I think the current US equity market is set up remarkably similar to the way it was into the BRexit vote on June 23rd 2016. Back in June I was looking for a pending top as a "b" wave in the market and a drop in the "c of 2." I did not pretend to know how England was going to vote. I just knew that the vote had the potential to be a catalyst for the start of the next leg of a correction retracing some of the rally that started in Feb of last year.
Sure enough Britain voted to LEAVE, and the markets dropped precipitously RIGHT to my targeted support region, the 38.2% retrace of wave 1. After completing the "c" down, the markets reversed turning back up just as strong into July for the start of the 3.
I do not think the market would have acted much different had the English voted to STAY...
The only thing I think that might have been different would have been the speed and character of the drop. Instead of the sharp "panicky" knee-jerk reaction, it might have been just a more moderate fade to the same support region.
We now find the US equity market at a potential (b) wave topping region, set up for a (c) wave drop in "iv" down to test 2330-2300 support. Again, I do not pretend to forecast the results of the upcoming divisive French election, but it, like the BRexit, has the potential to be a catalyst for the market to turn down. I think the results might define the character, even though many will credit the results as the cause.
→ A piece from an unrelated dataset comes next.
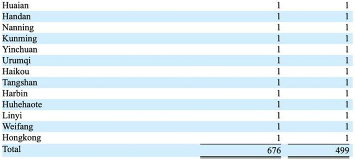 好未来教学中心城市分布情况(2019财年数据)

If the expected result of a victory for Macron plays out, then the move down for (c) could be more of a moderate fade and that could be after a slight extension toward 2420. However, if there is a more "surprise" result, the (c) wave is likely to be more immediate and sharper.
Either way though, after a (c) of iv holds in the 2330-2300 region we have a great setup for the next leg of the rally off Feb 2016 that is far from over.